Blockchain consortium, Enterprise Ethereum Alliance (EEA) plans to release uniform blockchain standards for businesses. A prominent member of the group Jeremy Millar revealed on Thursday that they hope to release the new standards later this year.
While given a speech at the just-concluded blockchain expo in London, Millar stressed the need for blockchain standards as it relates to the adoption of the emerging technology. In his words, “We need interfaces to plug into. Now, this might sound boring. It might not be top of mind for developers looking to launch a white paper and promote their ICO on Telegram.”
Millar, a board member of the group reeled out the achievements and progress made by EEA since it was established in March 2017. According to him, the group has made inroads in setting standards for smart contracts meant to feed data into blockchain set-ups.
Enterprise Ethereum Alliance – for blockchain application
EEA was formed to Build, promote, and broadly support Ethereum-based technology best practices, standards, and reference architecture. Its membership base spans across several industries and includes the likes of Accenture, Santander, British Petroleum, JP Morgan, ConsenSys, Intel, Wipro, HP, and Sberbank – over 400 in total.

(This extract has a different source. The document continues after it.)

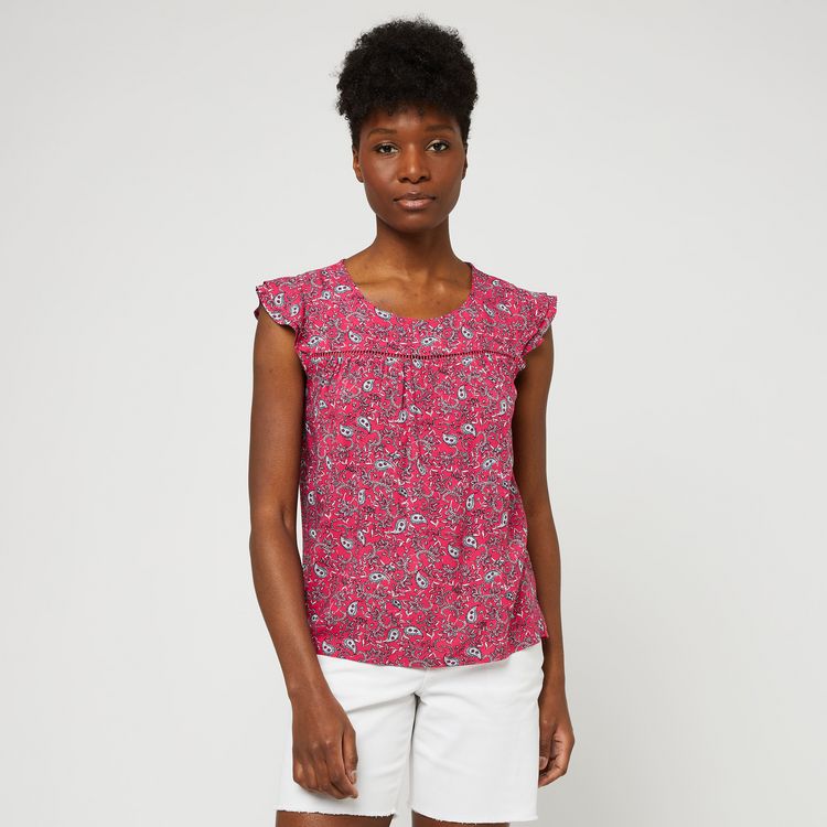 En savoir +Pièce estivale par excellence, cette blouse, en viscose, s’impose comme le nouvel indispensable de la saison que l’on aime porter avec un denim, un bermuda ou une jupe. Ce petit haut multiplie les détails en affichant une encolure ronde, une découpe sous poitrine avec un jeu de petits plis, des manches courtes volantées et un imprimé tendance.

Recently, the group appointed Ron Resnick, former president of WiMAX as its Executive Director a move which Millar says is a great addition to the group.

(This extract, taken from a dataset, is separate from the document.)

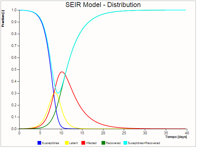 En el caso de los modelos SEIR se tienen cuatro curvas, la de susceptibles, latentes, infectados y recuperados:

R3, another consortium for blockchain application in businesses, recently called EEA’s approach and results into question. In a swift response, Faisal Khan, a representative from member company ConsenSys highlighted some improvements the group had achieved.
Millar also noted that features of EEA will be introduced to the Ethereum code as Ethereum Improvement Proposals (EIPs) while hinting at a testnet phase. In line with the ethos of the alliance, he tasked member to support the efforts “Let’s do this together as a community because we will all benefit from it. I urge you to take part in our network – it’s very affordable to join.” He said.